This section describes collection operations in MySQL and MySQL collection operations.
What is a set operation?
Generally, the join operation is regarded as a horizontal operation between tables because the virtual table generated by this operation contains columns in two tables. The Set Operations I have summarized here generally regard these operations as vertical operations. The MySQL database supports two set operations: union distinct and union all.
Like join operations, set operations operate on two inputs and generate a virtual table. In join operations, the input table is generally referred to as left input and right input. The two inputs of the set operation must have the same number of columns. If the data type is different, MySQL automatically performs implicit conversion. At the same time, the name of the result column is determined by the Left input.
Preparations
Prepare test tables table1 and table2:
create table table1 (aid int not null auto_increment, title varchar(20), tag varchar(10), primary key(aid)) engine=innodb default charset=utf8;create table table2 (bid int not null auto_increment, title varchar(20), tag varchar(10), primary key(bid)) engine=innodb default charset=utf8;
Insert the following test data:
insert into table1(aid, title, tag) values(1, 'article1', 'MySQL');insert into table1(aid, title, tag) values(2, 'article2', 'PHP');insert into table1(aid, title, tag) values(3, 'article3', 'CPP');insert into table2(bid, title, tag) values(1, 'article1', 'MySQL');insert into table2(bid, title, tag) values(2, 'article2', 'CPP');insert into table2(bid, title, tag) values(3, 'article3', 'C');
UNION DISTINCT
Union distinct combines two inputs and uses DISTINCT to filter duplicate items. Generally, the DISTINCT keyword can be omitted and UNION is used directly.
The UNION syntax is as follows:
SELECT column,... FROM table1 UNION [ALL]SELECT column,... FROM table2...
In multiple SELECT statements, the corresponding column should have the same field attribute, and the field name used in the first SELECT statement is also used for the result field name.
Run the following SQL statement:
(select * from table1) union (select * from table2);
The following result is displayed:
+-----+----------+-------+| aid | title | tag |+-----+----------+-------+| 1 | article1 | MySQL || 2 | article2 | PHP || 3 | article3 | CPP || 2 | article2 | CPP || 3 | article3 | C |+-----+----------+-------+
We found that duplicate data items in table 1 and table 2:
| 1 | article1 | MySQL |
It only appears once, which is the effect of UNION.
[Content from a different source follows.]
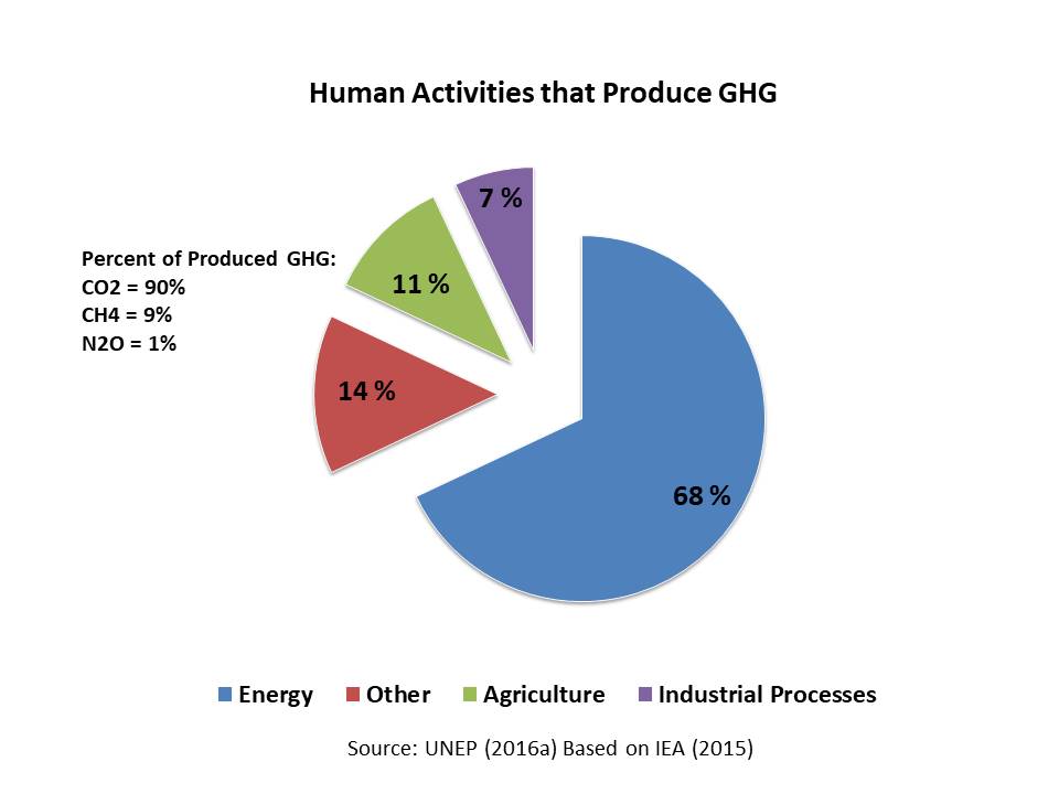 These scientists are also confident that human activities are responsible for the production of greenhouse gases (GHG). Here is a graph which illustrates the configuration of GHG:

Currently, the implementation of union distinct in MySQL is as follows:
- Create a temporary table, that is, a virtual table;
- Add a unique index to the column of this temporary table;
- Insert the input data into a temporary table;
- Returns the virtual table.
Because a unique index is added, duplicate data items in the set can be filtered out. Here, repetition means that the fields selected by the SELECT statement are exactly the same, so they are counted as duplicates.
UNION ALL
Union all means that repeated data items are not excluded. For example, I run the following SQL statement:
(select * from table1) union all (select * from table2);
You will get the following results:
+-----+----------+-------+| aid | title | tag |+-----+----------+-------+| 1 | article1 | MySQL || 2 | article2 | PHP || 3 | article3 | CPP || 1 | article1 | MySQL || 2 | article2 | CPP || 3 | article3 | C |+-----+----------+-------+
Duplicate data is not filtered out.
When union distinct is used, the insert speed is obviously affected because a unique index is added to the temporary table. If you confirm that there are no repeated options in the UNION operation, the most effective method is to use union all.